Idaho Fish and Game selects Moscow native as new director
LEWISTON – The Idaho Fish and Game Commission hired a Moscow native and longtime employee of the Idaho Fish and Game Department to lead the agency Tuesday.
Jim Fredericks will replace Ed Schriever when the latter’s retirement becomes official in the coming weeks. He will oversee more than 550 employees at the Idaho Department of Fish and Game and its $150 million budget. The agency is tasked with preserving, protecting and perpetuating the fish and wildlife of Idaho.
“I’m humbled. This is a big job. In many ways, it’s one of the most important jobs in the state and that is not lost on me,” Fredericks said in a phone interview on Tuesday. “We’ve got a lot of challenges in front of us but we have an incredible agency.”
Fredericks, 58, is the deputy director of the department and has spent his entire career with the agency. He was raised on the Palouse and his family deep roots in the Silver Valley.
“I grew up in Moscow, hunting, fishing and trapping,” he said. “My career has been in fish and wildlife management but all the way back to when I was a kid, it’s fair to say there was never a day I didn’t have a personal stake in fish and wildlife.”
He graduated from Moscow High School in 1983, earned a degree in psychology from the University of Idaho in 1988 and a master’s in Fisheries from the school in 1994.
Fredericks started with the agency the same year and held several jobs in fisheries, including as a research biologist, fisheries manager in the Panhandle and Upper Snake regions and chief of the fisheries bureau in Boise.
“We are both proud and privileged to have Jim Fredericks as our next director,” Fish and Game Commission Chairperson Tim Murphy said in a news release. “He has had a successful career with Fish and Game, and we look forward to working with him in the future to manage Idaho’s valuable wildlife.”

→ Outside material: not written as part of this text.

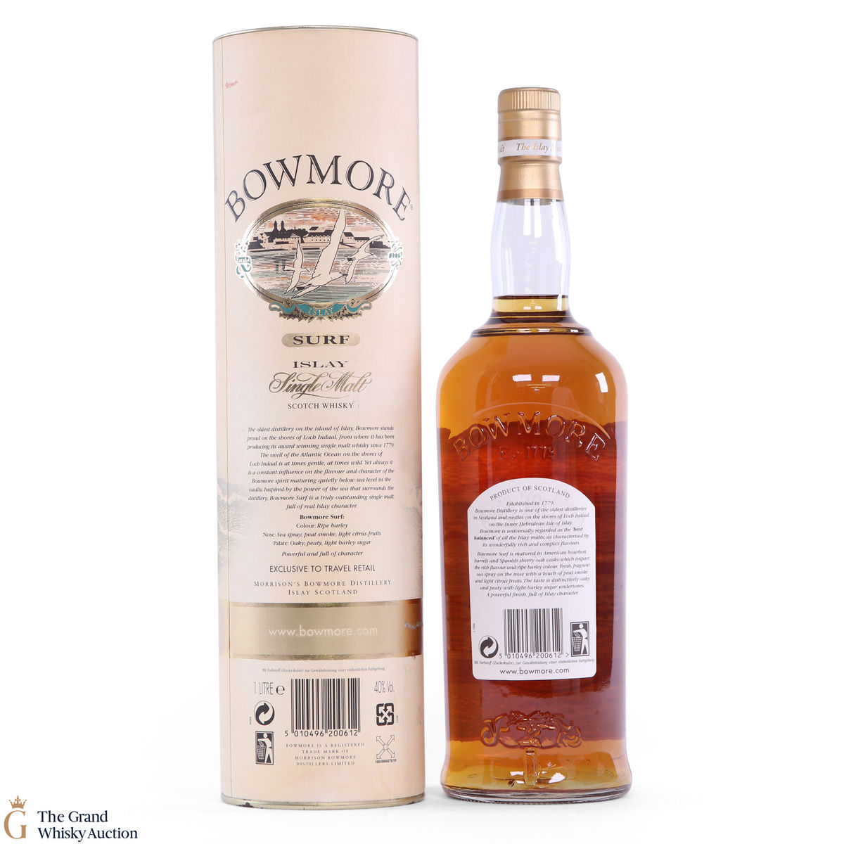 Bottles for the travel retail market, this Bowmore has a nose of sea spray and peat smoke. The Bowmore distillery is the oldest established one on Islay. It was founded in 1779.

The challenges Fredericks sees for the agency include managing both big game animals, such as elk, and predators, such as gray wolves.
“While we may have the right number of elk in Idaho, they are not in all the right spots,” he said. “There are places we need to restore elk and there are places, frankly, where we need fewer elk. We do not have the right number of wolves in Idaho and they are not in the right spots.”
On Friday, the agency released a draft wolf management plan that strives to reduce the population by about 60%.
He also wants to carry forward Schriever’s effort to address perceived overcrowding as Idaho’s population continues to grow and more people compete for limited outdoor opportunities.
As the agency tackles tough problems, Fredericks intends to prioritize public engagement. For example, as wildlife managers try to contain Chronic Wasting Disease in deer and elk centered around Slate Creek in Idaho County, he said it will be key to involve hunters and landowners in the process, ensure they know what the agency is doing and why, and give them a chance to participate in decision-making.
“Outreach and engagement and having stakeholders at the table is the kind of stuff we can’t do enough of,” he said.